Posted by: David Kiley on November 5, 2008

Don’t look now, but some U.S. drivers are finding gasoline today priced at less than $2.00 per gallon.

How’d that happen? I was moved to check the national scene when I found gas prices at $2.05 at some stations in Ann Arbor, MI.

A quick look at local gas prices on, and I found $1.94 in parts of New Jersey, like the town of Malaga. $1.69 in Mason, OH. $1.75 in Independence, MO. $1.71 in Laredo, TX.

According to, the national average this week is $2.40 for regular gas.. On the west coast, the average is still around $2.70. But obviously there are better bargains to be had.

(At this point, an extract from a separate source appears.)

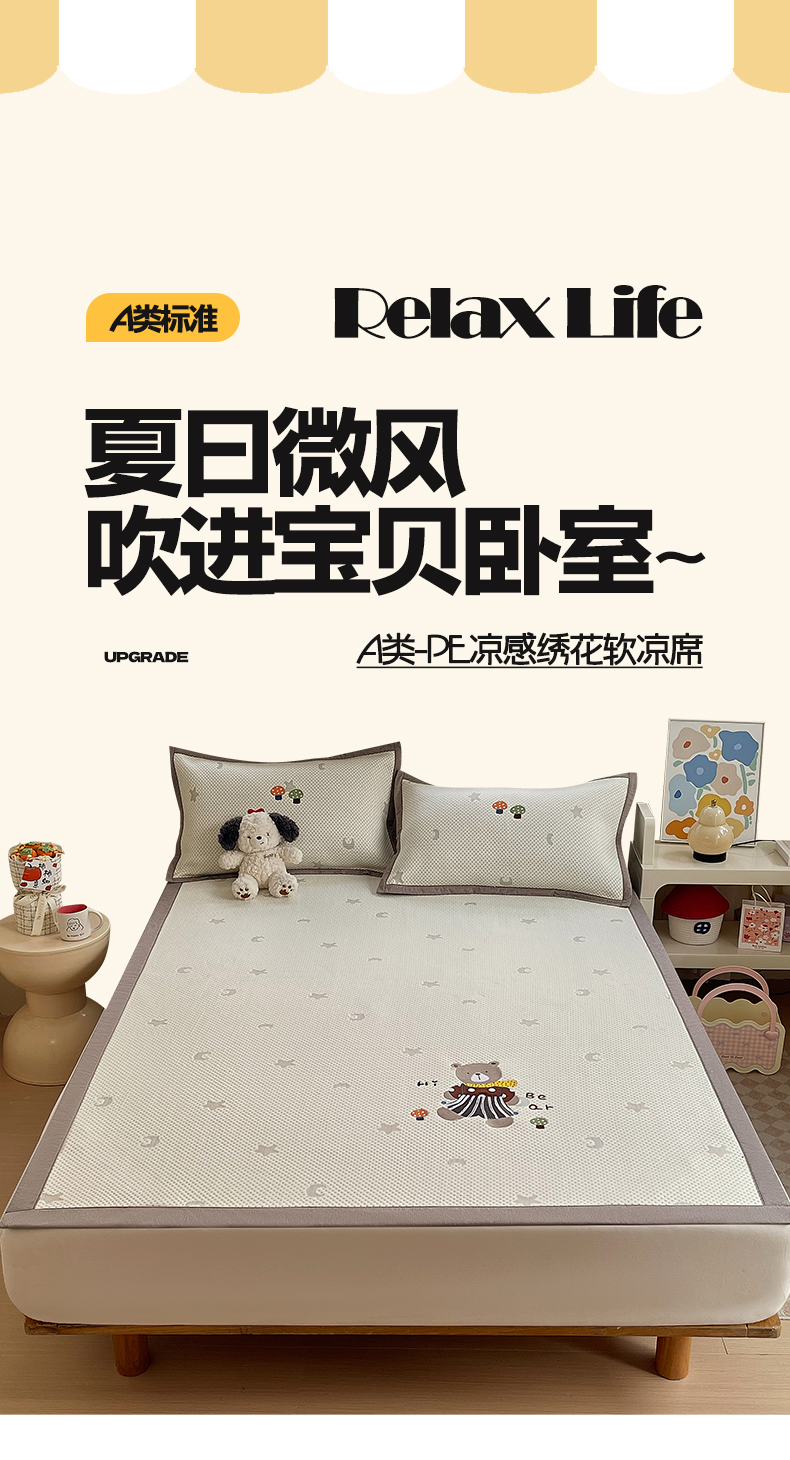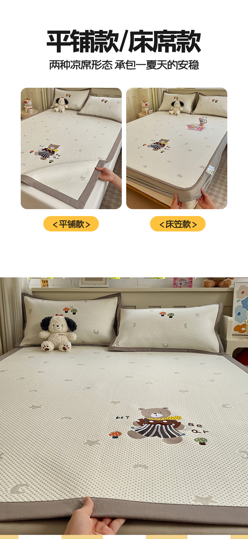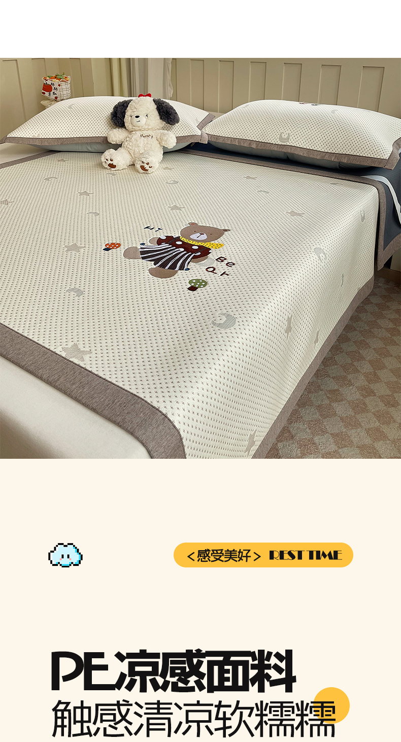 (总)帅露家纺 2026新款A类PE中分子卡通大版绣花软凉席席子,床笠款-波点日记,床笠款-粉屿森林,床笠款-蓝调企鹅,床笠款-懒懒兔,床笠款-星月织梦,平铺款-波点日记,平铺款-粉屿森林,平铺款-蓝调企鹅,平铺款-懒懒兔,平铺款-星月织梦

The feelings among automakers are mixed. Such a huge drop in gas prices means the equivalent of an extra stimulus package for beleaguered consumers. While all the automakers have smaller, fuel efficient cars in the way, the Big Three U.S. automakers and their dealers still have a lot of heavily incentive laden SUVs and pickup trucks to sell. The drop in gas prices, combined with a new round of even more aggressive prices on these vehicles in the next two months could move a bunch of inventory off the lots.

The problem will be the availability of credit. Even if people want to take the plunge on a Ford Explorer, or Saturn Outlook while gas is hovering near $2.00 and take advantage of thousands of dollars in discounts, they might have trouble getting the loan unless their credit score is A+ perfect.

Ford, for one, is not overly concerned that the gas prices will derail in any way the company’s plans for a new group of small and smallish-mid-sized vehicles. “Yopu certainly can’t plan a future product plan around this month’s gas prices,” says Ford’s chief sales analyst George Pipas.

Oil dropped nearly 7 percent to below $66 a barrel on Wednesday after a U.S. government report showed rising fuel stockpiles and slowing demand in the world’s top energy consumer.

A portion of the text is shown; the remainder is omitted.